Loading Libraries

library("data.table")
library("ggplot2")

Task

# set seed for reproducability
set.seed(31)
# set lambda to 0.2
lambda <- 0.2
# 40 samples
n <- 40
# 1000 simulations
simulations <- 1000
# simulate
simulated_exponentials <- replicate(simulations, rexp(n, lambda))
# calculate mean of exponentials
means_exponentials <- apply(simulated_exponentials, 2, mean)

Question 1

Show where the distribution is centered at and compare it to the theoretical center of the distribution.

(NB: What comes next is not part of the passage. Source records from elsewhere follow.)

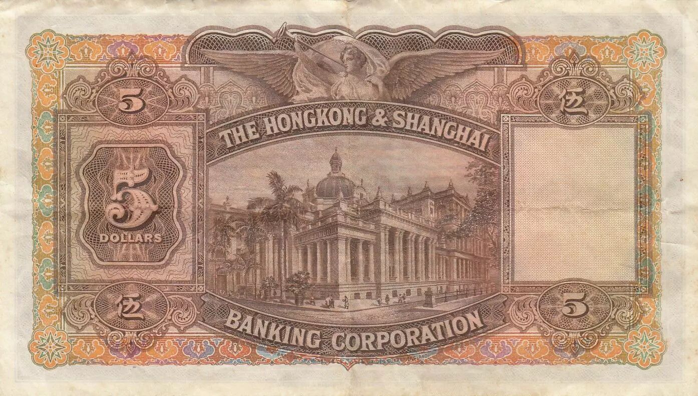 Banknote Hong Kong 5 Dollars - Arms - Banking corporation - 1958
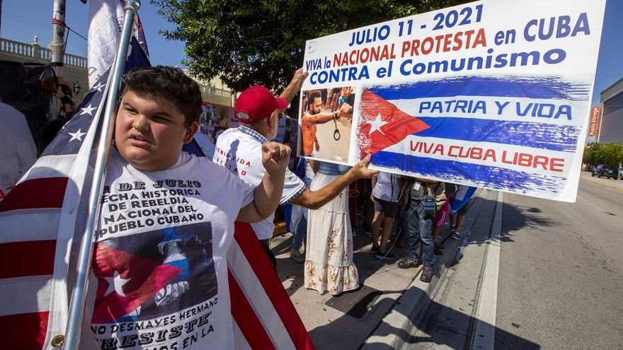 Miami/Cientos de miembros de la comunidad cubana de Miami se manifestaron este lunes en la ciudad estadounidense para recordar las históricas protestas celebradas hace justo un año en Cuba contra el gobierno de Miguel Díaz-Canel.
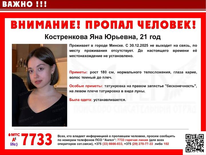 Уже несколько дней в Минске ищут 21-летнюю Яну Костренкову, которая таинственным образом пропала в центре города. Девушка — дочь директора крупного агрокомплекса. Последний раз на связь она выходила 30 декабря, с тех пор близким не известно о ее местонахождении. Ориентировку о пропаже Яны разместил поисково-спасательный отряд «Ангел» 3 января, пишет «Зеркало».
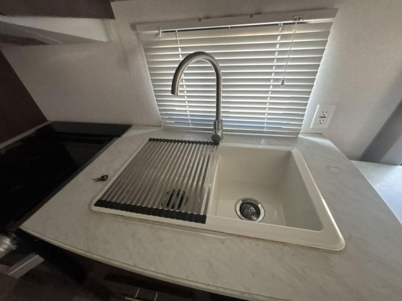 What I liked most: Multi-color LED awning lights. Very classy interior. Good amount of counterspace and cabinets in bathroom.
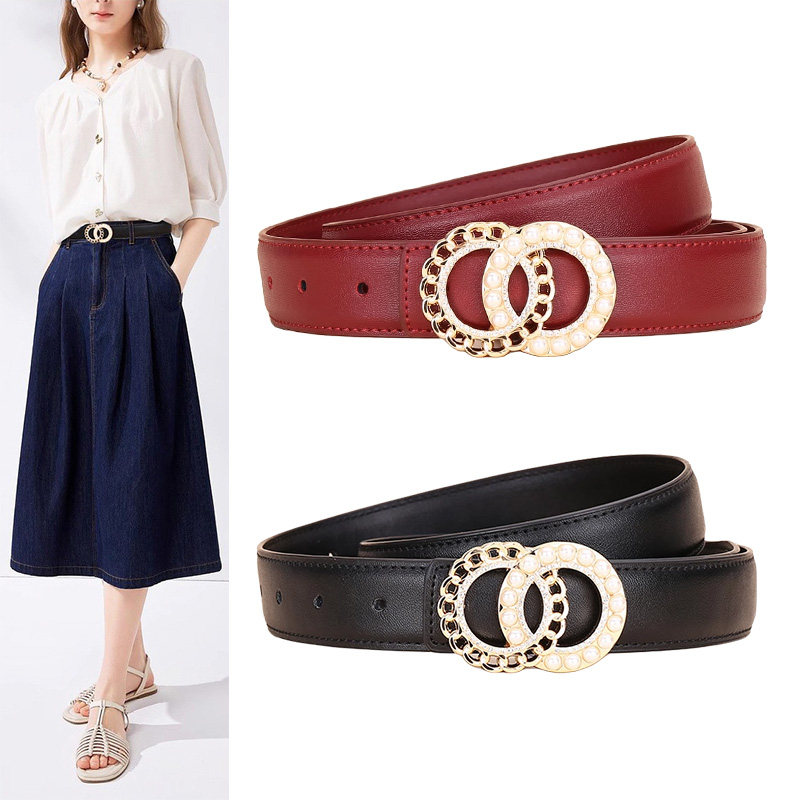 皮带女士真皮平滑扣腰带女装饰双圆环镶珍珠钻石简约百搭西装裤带
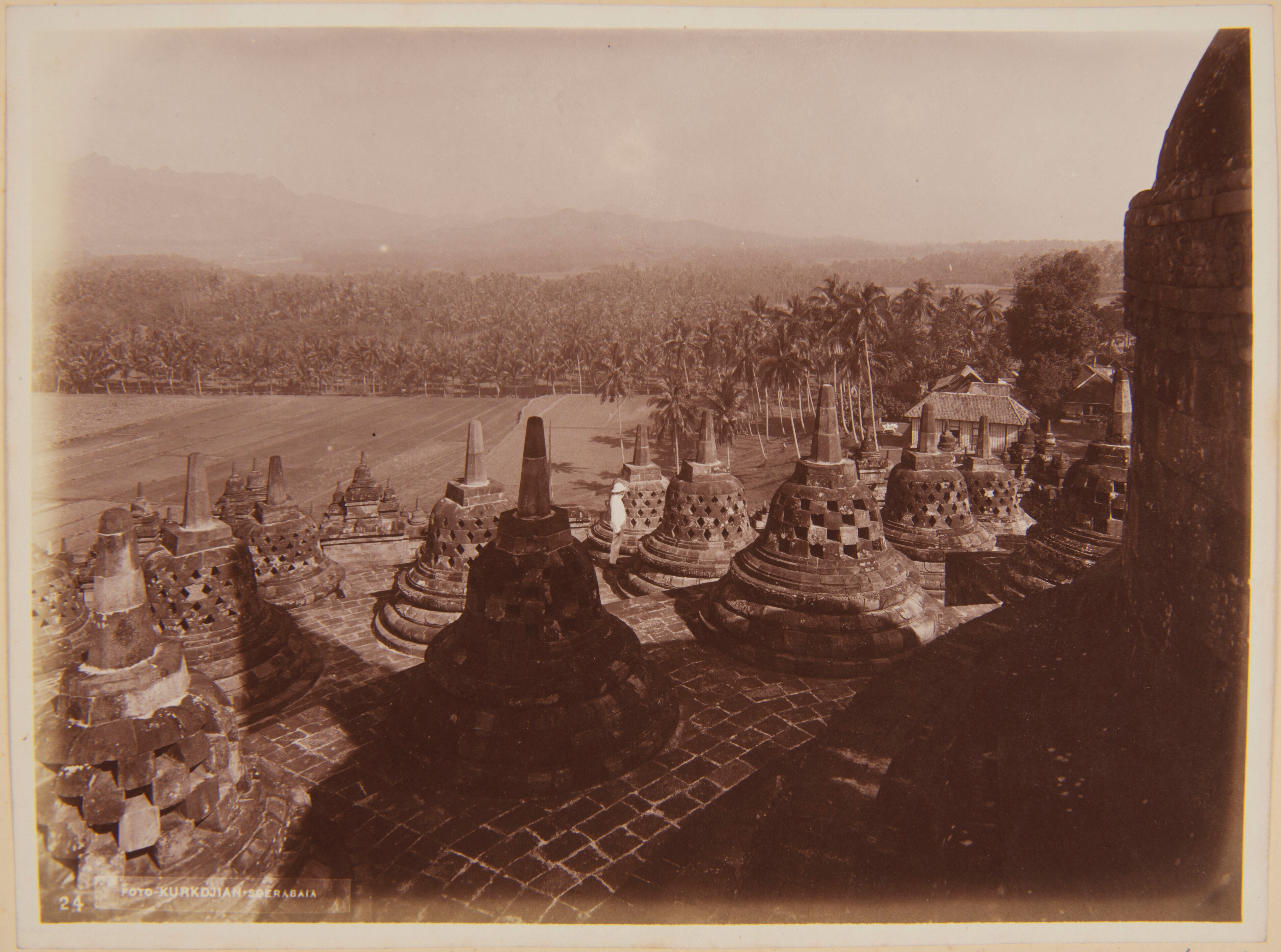 Europese man tussen de stupa's op de Borobudur
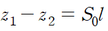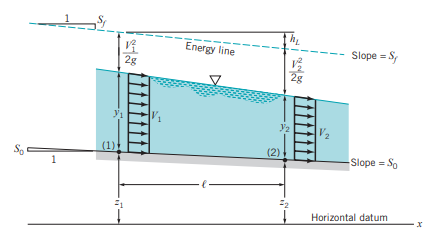 수로의 경사(기울기)를 S0(bottom slope)라 하면 z1-z2= S0l 입니다.
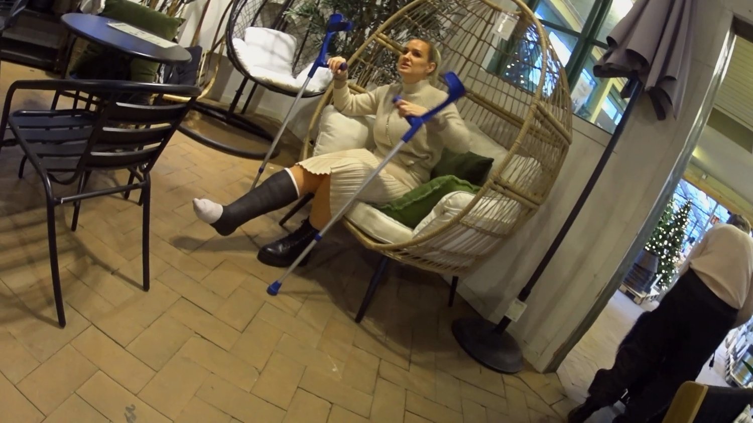 Ebba is in a store where she sits and rests in a hanging chair.Over her to her black short leg cast she has a white stocking.She gets up and we follow Ebba as she crutch around the store and looks at different things as she is slowly approaching the cash registers.
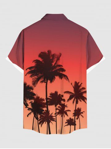 Plus Size Coconut Tree Dip Dye Ombre Print Hawaii Button Pocket Shirt For Men - Orange - Xl
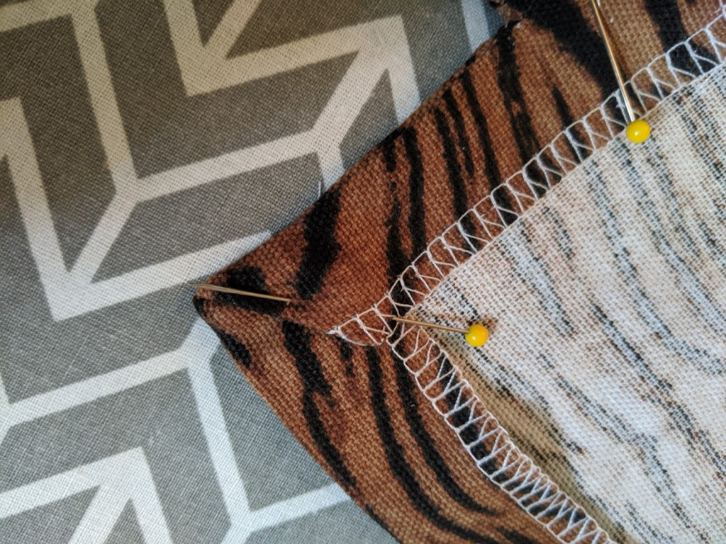 To make sure there wouldn’t be any unravelling from the facing, I serged the edges. Then, you simply lay right sides together and pin.
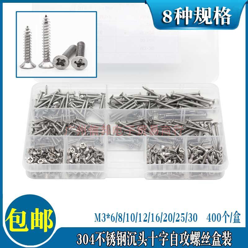 📚 400个不锈钢沉/平头十字自攻螺钉M3*6/8/10/12/16/20/25/30木螺丝
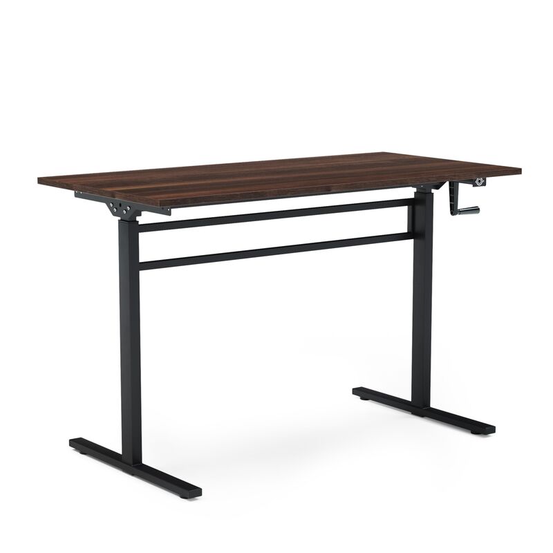 Ergonomisches Sitzen und effizientes Arbeiten mit diesem modernen Arbeitstisch in edlem Mahagoni-Look. Mittels einer handlichen Kurbel kann die Sitz- oder Stehhöhe perfekt an die Körpergrösse angepasst werden. Die Tischfläche aus pflegeleichtem Walnussholz ist ein echter Hingucker in jedem Büro und bietet viel Platz für Büromaterialien. Getragen wird die Holzplatte von einem stabilen Stahlgerüst in schlichtem Schwarz. Hol dir diesen höhenverstellbaren Schreibtisch in Holzoptik in dein Homeoffice – für eine gesunde Körperhaltung!
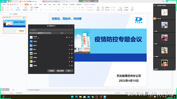 當前,蘇州及周邊城市疫情處于高位流行,防控形勢異常嚴峻。4月16日下午,天達監理蘇州分公司緊急召開疫情防控工作專題會議。本次會議以視頻會議形式召開,各職能部門、各監理部負責人參加了會議。
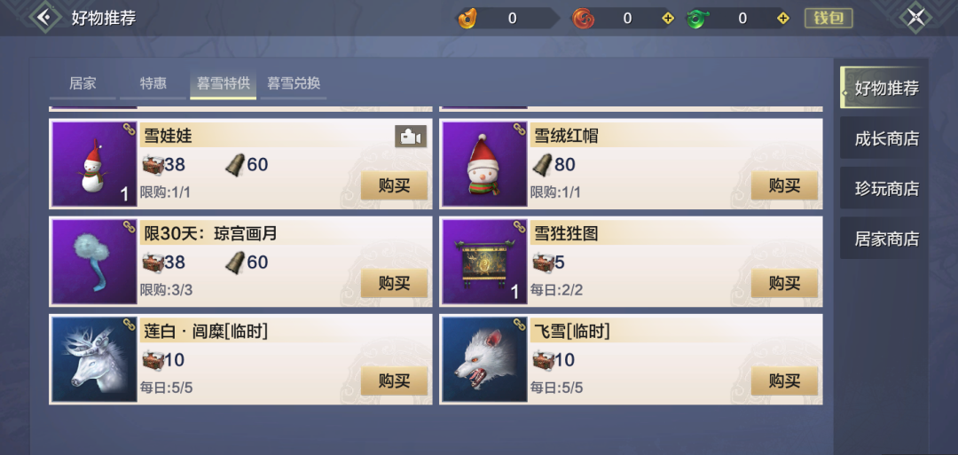 消耗暮雪铃铛和暮雪礼盒可以兑换暮雪节限定冰雪系列家具和雪人挂件。
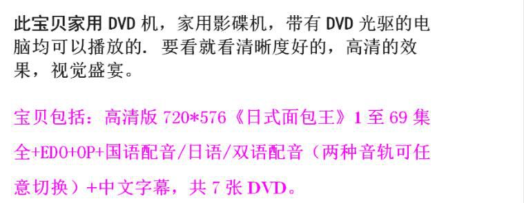 歡迎您對"碟機高清動畫片/日式面包王/烘焙王/1-69集全/台灣國語/日語/中字7DVD" 發表評論
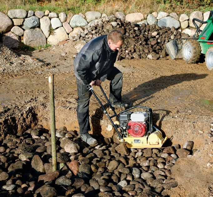 Ensimmäinen kivikerros saa olla korkeintaan yhden kiven korkuinen. Käytimme n. 90-120 mm:n kiviä. Vaihtoeh-toisesti voi käyttää noin 60 mm:n murskaa.
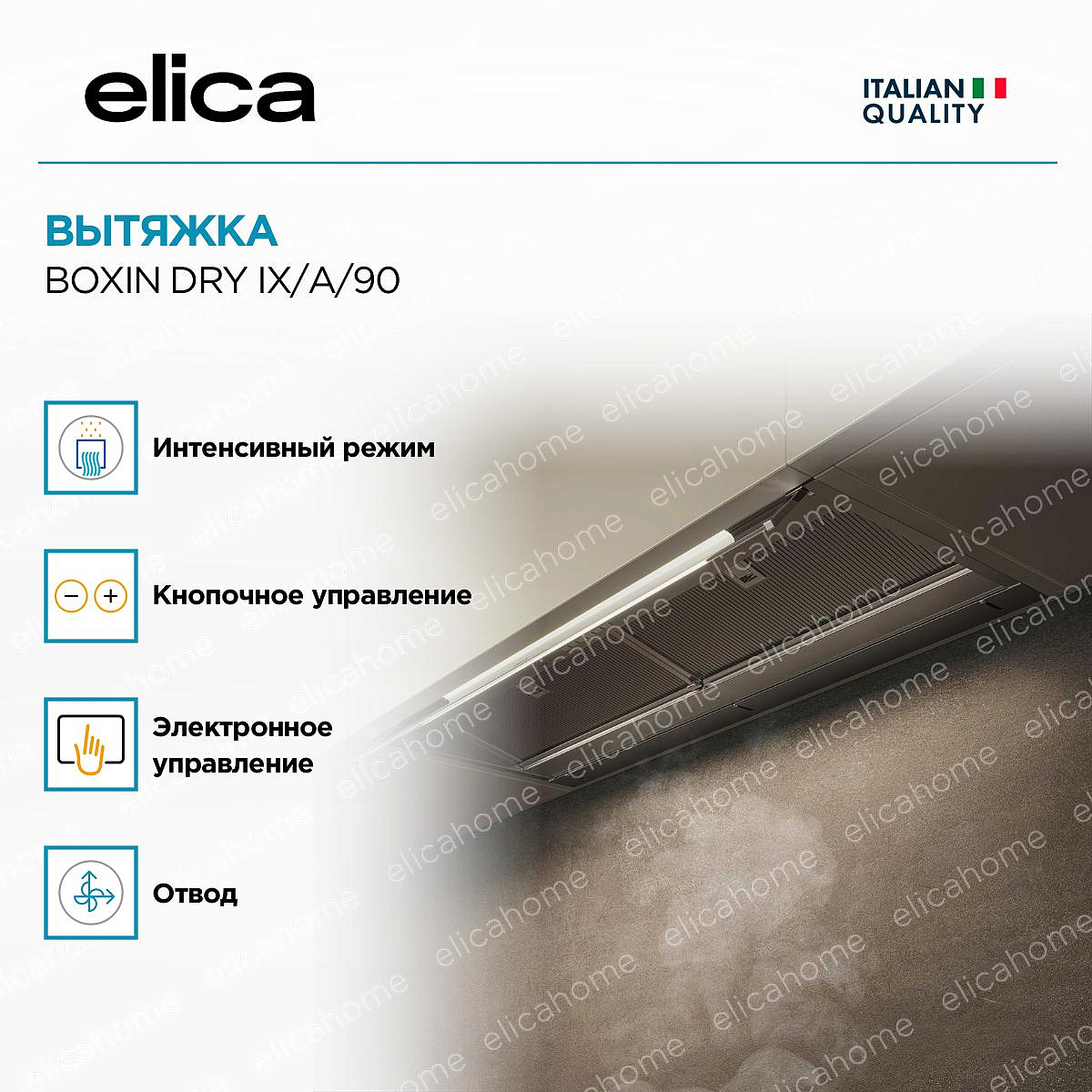 Вытяжка Elica BOXIN DRY IX/A/90 сочетает в себе качество, эффективность и стиль. Производство расположено в Италии, что является гарантией надежности и долговечности. Благодаря своим функциональным возможностям и привлекательному дизайну модель станет незаменимым помощником на вашей кухне. Изготовленная из нержавеющей стали, она впишется в любой интерьер, от классики до современного стиля или хай-тека. Электронное управление позволяет легко менять настройки изделия в соответствии с текущими задачами. Два варианта монтажа — в подвесной шкаф или на стену. Крепеж вы найдете в комплекте.

analytical_mean <- mean(means_exponentials)
analytical_mean
## [1] 4.993867
# analytical mean
theory_mean <- 1/lambda
theory_mean
## [1] 5
# visualization
hist(means_exponentials, xlab = "mean", main = "Exponential Function Simulations")
abline(v = analytical_mean, col = "red")
abline(v = theory_mean, col = "orange")

The analytics mean is 4.993867 the theoretical mean 5. The center of distribution of averages of 40 exponentials is very close to the theoretical center of the distribution.

Question 2

Show how variable it is and compare it to the theoretical variance of the distribution..

# standard deviation of distribution
standard_deviation_dist <- sd(means_exponentials)
standard_deviation_dist
## [1] 0.7931608
# standard deviation from analytical expression
standard_deviation_theory <- (1/lambda)/sqrt(n)
standard_deviation_theory
## [1] 0.7905694
# variance of distribution
variance_dist <- standard_deviation_dist^2
variance_dist
## [1] 0.6291041
# variance from analytical expression
variance_theory <- ((1/lambda)*(1/sqrt(n)))^2
variance_theory
## [1] 0.625

Standard Deviation of the distribution is 0.7931608 with the theoretical SD calculated as 0.7905694. The Theoretical variance is calculated as ((1 / ??) * (1/???n))2 = 0.625. The actual variance of the distribution is 0.6291041

Question 3

Show that the distribution is approximately normal.

xfit <- seq(min(means_exponentials), max(means_exponentials), length=100)
yfit <- dnorm(xfit, mean=1/lambda, sd=(1/lambda/sqrt(n)))
hist(means_exponentials,breaks=n,prob=T,col="orange",xlab = "means",main="Density of means",ylab="density")
lines(xfit, yfit, pch=22, col="black", lty=5)

# compare the distribution of averages of 40 exponentials to a normal distribution
qqnorm(means_exponentials)
qqline(means_exponentials, col = 2)

Due to Due to the central limit theorem (CLT), the distribution of averages of 40 exponentials is very close to a normal distribution.